## Your assignment
Please transcribe the data that follows exactly as given, leaving out every picture.
::: Supplied information :::
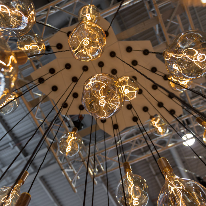 Voronoi bulbs are mouth-blown and shaped in a solid steel mould. The custom LED filament is hand assembled around the glass core, and the iron tint finish on the borosilicate glass helps create a soft and layered refraction of light.
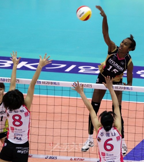 24일 오후 경기 수원시 실내체육관에서 열린 프로배구 V-리그 현대건설과 흥국생명의 경기에서 현대건설의 케니가 흥국생명의 전민정과 주예나의 블로킹을 피해 공격을 하고 있다.
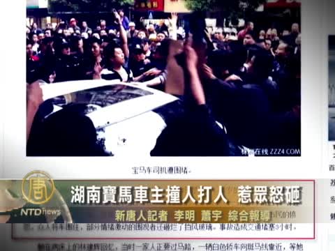 【新唐人2011年9月27日訊】繼李雙江之子駕寶馬車打人之後,中國湖南醴陵近日,再傳寶馬車主擦撞行人後打人事件,寶馬車主的囂張行徑引起公憤,民眾群情激憤砸爛了車子的擋風玻璃,最後車主在大批警力的護衛下,離開現場。
:::
## Reply
 Voronoi bulbs are mouth-blown and shaped in a solid steel mould. The custom LED filament is hand assembled around the glass core, and the iron tint finish on the borosilicate glass helps create a soft and layered refraction of light.
 24일 오후 경기 수원시 실내체육관에서 열린 프로배구 V-리그 현대건설과 흥국생명의 경기에서 현대건설의 케니가 흥국생명의 전민정과 주예나의 블로킹을 피해 공격을 하고 있다.
 【新唐人2011年9月27日訊】繼李雙江之子駕寶馬車打人之後,中國湖南醴陵近日,再傳寶馬車主擦撞行人後打人事件,寶馬車主的囂張行徑引起公憤,民眾群情激憤砸爛了車子的擋風玻璃,最後車主在大批警力的護衛下,離開現場。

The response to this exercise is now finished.